— Required work —
Give back the whole listing verbatim, printing none of its pictures.

--- START ---

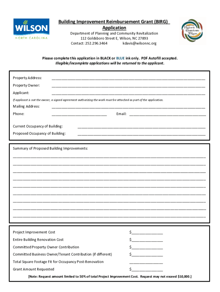 Building Improvement Reimbursement Grant (BIRG) Instructions Department of Planning and Community Revitalization 112 Goldsboro Street E, Wilson, NC 27893 Purpose: The purpose of the Building Improvement
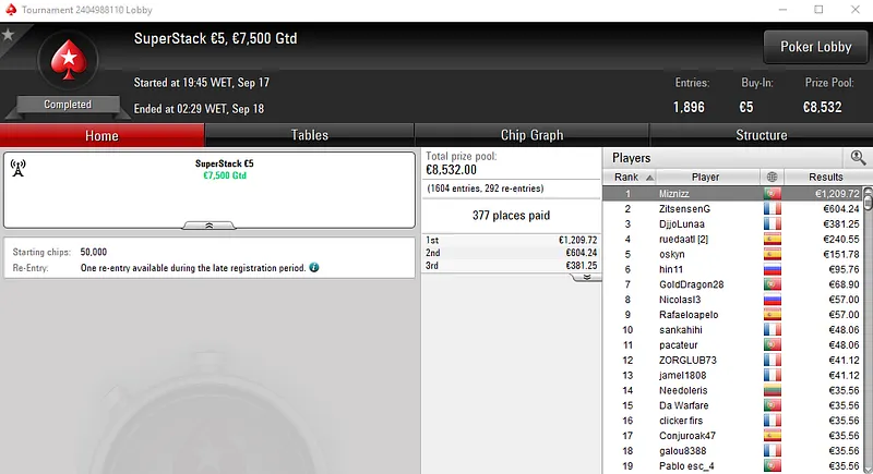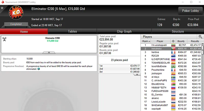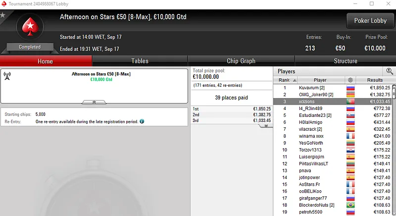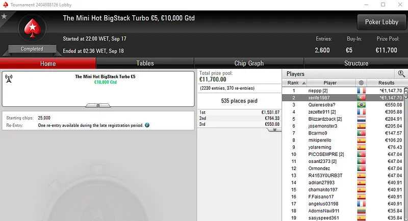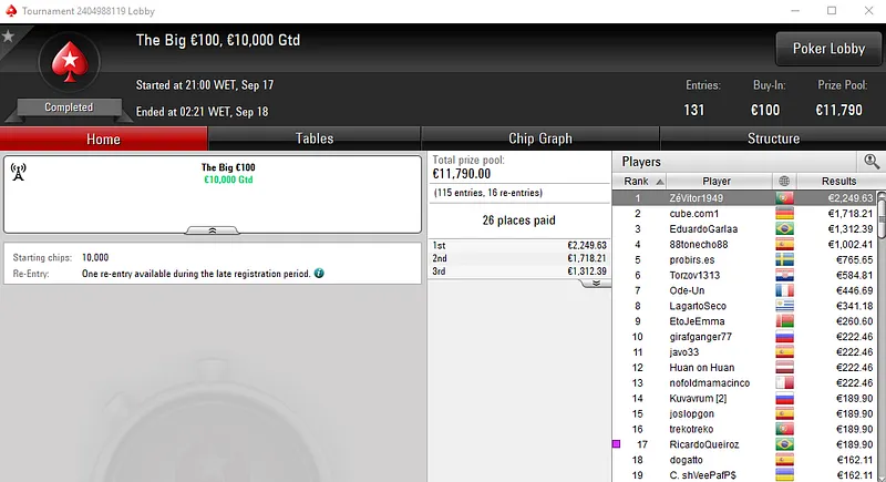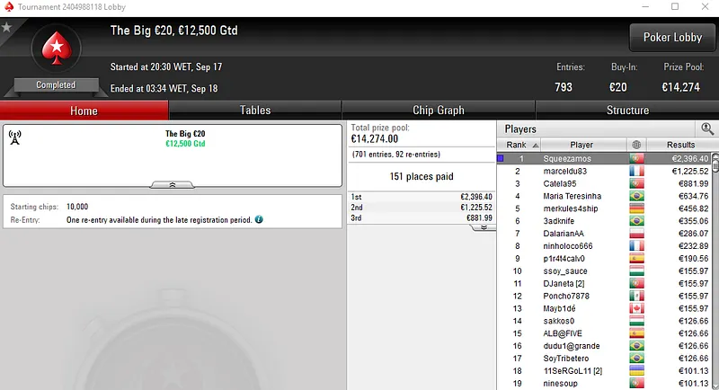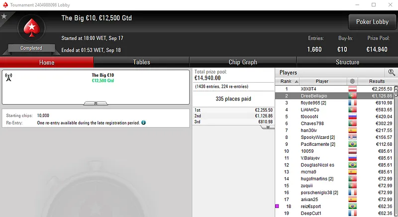 Já no The Big 50 com 478 entradas, alibumaye90 embolsou €3,442 pelo título. Aqui, o prize pool de €21,510 foi distribuído pelos 98 melhores classificados.
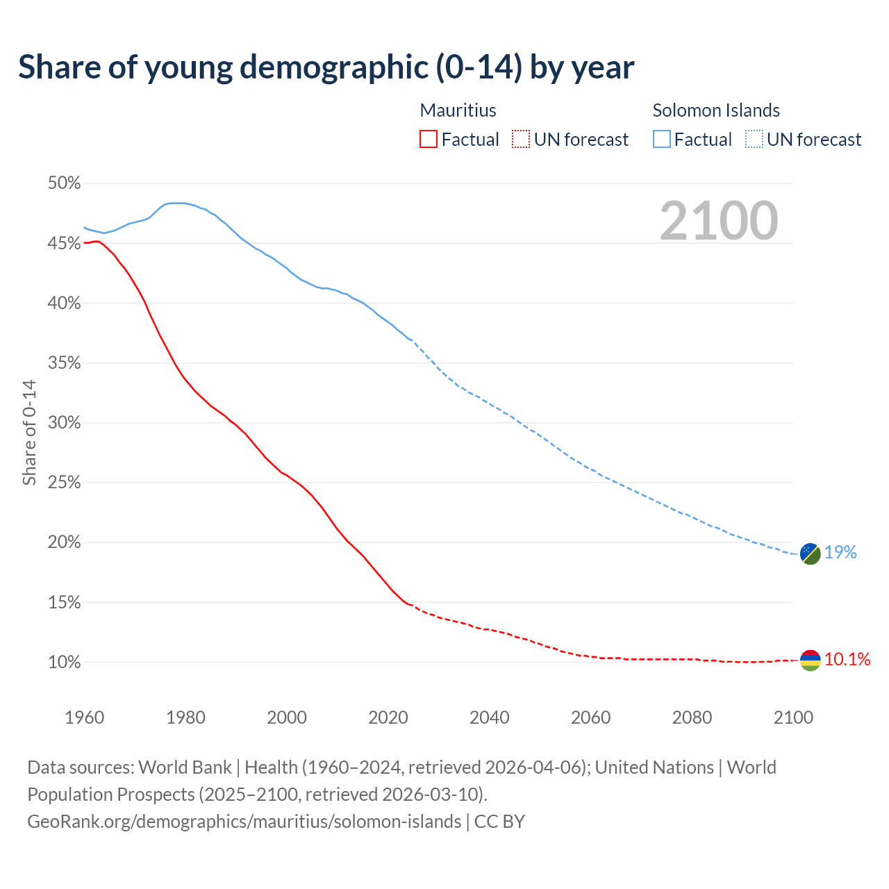 - The share of young demographic (0-15 years old) in Mauritius is 14.8% vs 37% in the Solomon Islands.
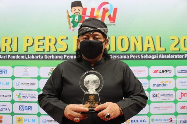 JAKARTA - Wali Kota Tegal H. Dedy Yon Supriyono menerima penghargaan Anugerah Kebudayaan Persatuan Wartawan Indonesia (PWI) Pusat Tahun 2021. Penghargaan tersebut diterima Dedy Yon pada Puncak Peringatan Hari Pers Nasional 2021, Selasa (9/2) di Candi Bentar Hall, Putri Duyung Cotage, Ancol Jakarta.
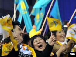 4-апрелде Нурсултан Назарбаев өз жактоочуларынын «Лидерибиз менен бирге - алга!» деп аталган форумда сүйлөп жатканда утур-утур кол чабуулар жана кубаттоолор менен анын сөзүн токтотуп жатышат. Шайлоонун алдын ала жыйынтыктарын Назарбаев мындайча баалады:
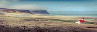 De ligging van het kerkje benadrukt de indrukwekkende wijdsheid en stilte van deze afgelegen regio. In de verte rijzen de dramatische kliffen van Látrabjarg op – de westelijkste punt van Europa en een van de hoogste vogelkliffen ter wereld. Deze imposante rotswanden vormen een majestueus decor dat de scène haast surrealistisch maakt. De combinatie van het kleine, ingetogen gebouw met de weidse, bijna buitenaardse natuur versterkt het gevoel van nietigheid en verwondering dat IJsland zo kenmerkt.
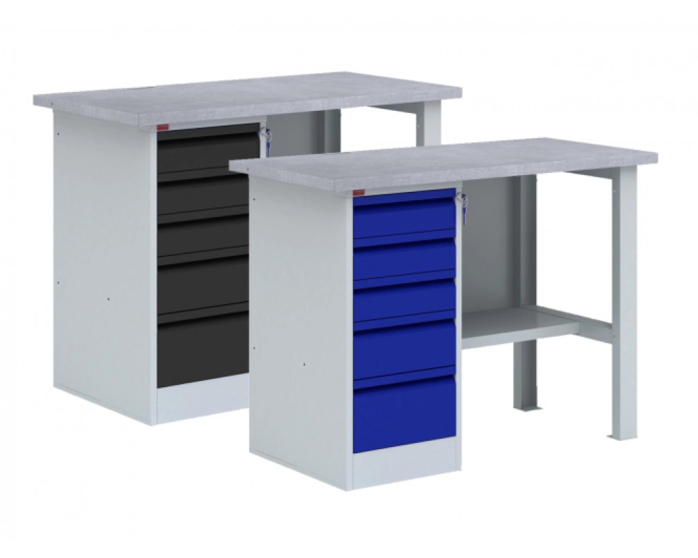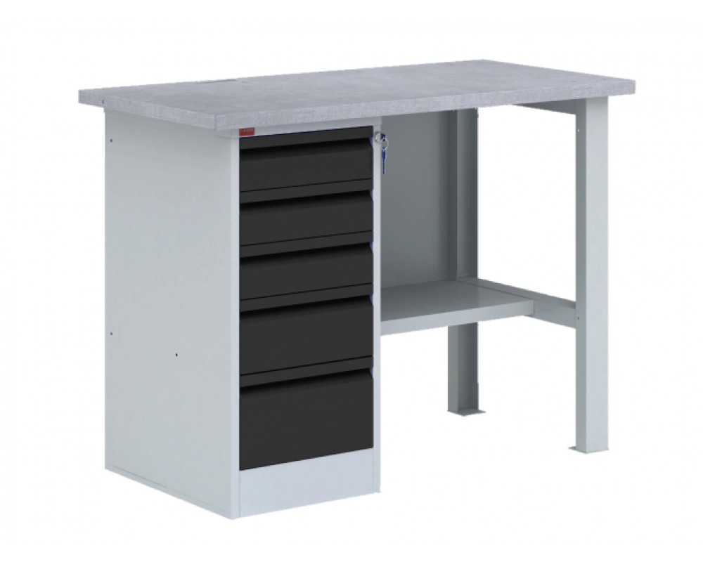Верстак слесарный однотумбовый ВП-3 предназначен для установки в слесарных мастерских и на промышленных предприятиях. Металлический верстак оборудован запирающейся на ключ драйвером с пятью выдвижными ящиками.
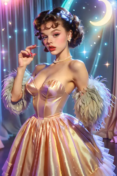 **1940s vintage photograph,dreamy lighting,**a ghostly woman with a flowing white dress standing on a desert hill. She holds a glowing white star light in her left hand, with her right hand extended. Her face is serene, and she wears a delicate, ethereal veil, starry background with a glitter crescent moon, vintage glamorous.
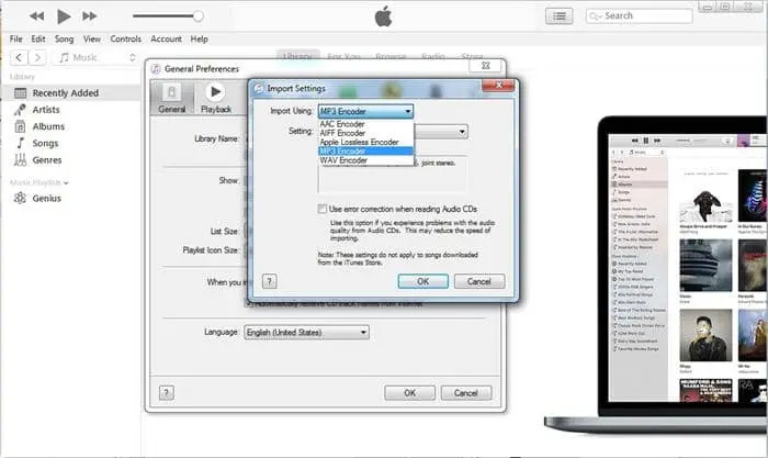 2. 在 "導入設置 "對話框中,打開 "導入使用 "對話框,選擇 "MP3編碼器"。點擊 "OK "按鈕,保存設置。
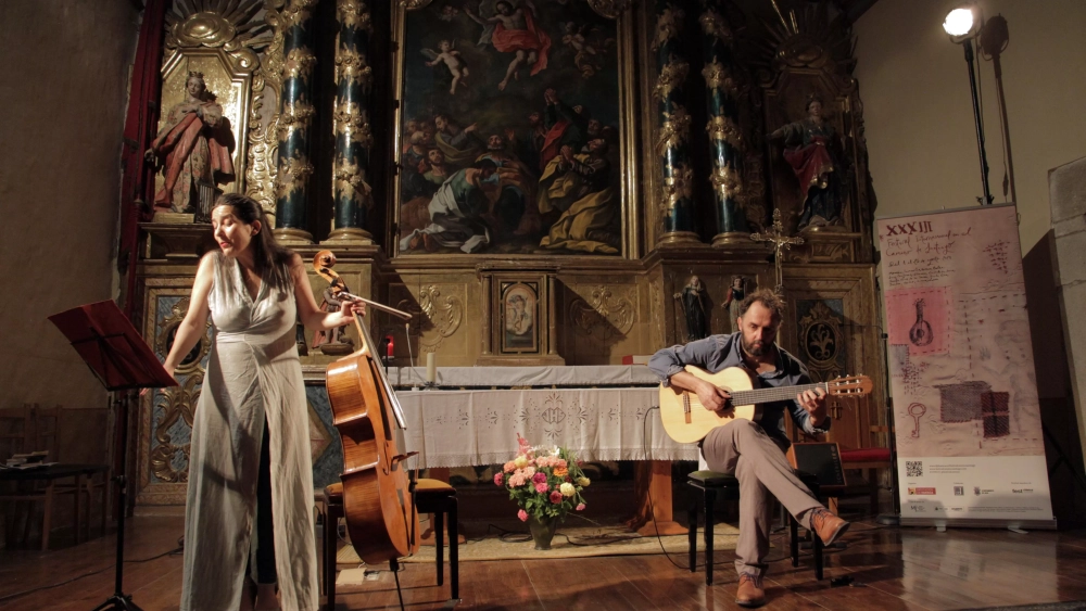 La iglesia de Santa Cilia de Jaca acogió la noche del jueves un nuevo y brillante concierto del XXXIII Festival Internacional en el Camino de Santiago que organiza la Diputación de Huesca. Zaruk está formado por su cofundadora Iris Azquinezer, cellista y compositora, y Rainer Seiferth, guitarrista, vihuelista, arreglista, compositor y la otra parte del dúo Zaruk. Nacidos como dúo en 2016, el estreno de ‘Agua’ se interrumpió por la pandemia y lo pudieron hacer en otoño de 2020, “aunque desde entonces ha cambiado mucho, ya que variamos canciones, arreglos e instrumentación”, por lo que llegó al festival con nuevos bríos y aires renovados.

--- END ---

— Answer to the exercise —
 Building Improvement Reimbursement Grant (BIRG) Instructions Department of Planning and Community Revitalization 112 Goldsboro Street E, Wilson, NC 27893 Purpose: The purpose of the Building Improvement
 Já no The Big 50 com 478 entradas, alibumaye90 embolsou €3,442 pelo título. Aqui, o prize pool de €21,510 foi distribuído pelos 98 melhores classificados.
 - The share of young demographic (0-15 years old) in Mauritius is 14.8% vs 37% in the Solomon Islands.
 JAKARTA - Wali Kota Tegal H. Dedy Yon Supriyono menerima penghargaan Anugerah Kebudayaan Persatuan Wartawan Indonesia (PWI) Pusat Tahun 2021. Penghargaan tersebut diterima Dedy Yon pada Puncak Peringatan Hari Pers Nasional 2021, Selasa (9/2) di Candi Bentar Hall, Putri Duyung Cotage, Ancol Jakarta.
 4-апрелде Нурсултан Назарбаев өз жактоочуларынын «Лидерибиз менен бирге - алга!» деп аталган форумда сүйлөп жатканда утур-утур кол чабуулар жана кубаттоолор менен анын сөзүн токтотуп жатышат. Шайлоонун алдын ала жыйынтыктарын Назарбаев мындайча баалады:
 De ligging van het kerkje benadrukt de indrukwekkende wijdsheid en stilte van deze afgelegen regio. In de verte rijzen de dramatische kliffen van Látrabjarg op – de westelijkste punt van Europa en een van de hoogste vogelkliffen ter wereld. Deze imposante rotswanden vormen een majestueus decor dat de scène haast surrealistisch maakt. De combinatie van het kleine, ingetogen gebouw met de weidse, bijna buitenaardse natuur versterkt het gevoel van nietigheid en verwondering dat IJsland zo kenmerkt.
Верстак слесарный однотумбовый ВП-3 предназначен для установки в слесарных мастерских и на промышленных предприятиях. Металлический верстак оборудован запирающейся на ключ драйвером с пятью выдвижными ящиками.
 **1940s vintage photograph,dreamy lighting,**a ghostly woman with a flowing white dress standing on a desert hill. She holds a glowing white star light in her left hand, with her right hand extended. Her face is serene, and she wears a delicate, ethereal veil, starry background with a glitter crescent moon, vintage glamorous.
 2. 在 "導入設置 "對話框中,打開 "導入使用 "對話框,選擇 "MP3編碼器"。點擊 "OK "按鈕,保存設置。
 La iglesia de Santa Cilia de Jaca acogió la noche del jueves un nuevo y brillante concierto del XXXIII Festival Internacional en el Camino de Santiago que organiza la Diputación de Huesca. Zaruk está formado por su cofundadora Iris Azquinezer, cellista y compositora, y Rainer Seiferth, guitarrista, vihuelista, arreglista, compositor y la otra parte del dúo Zaruk. Nacidos como dúo en 2016, el estreno de ‘Agua’ se interrumpió por la pandemia y lo pudieron hacer en otoño de 2020, “aunque desde entonces ha cambiado mucho, ya que variamos canciones, arreglos e instrumentación”, por lo que llegó al festival con nuevos bríos y aires renovados.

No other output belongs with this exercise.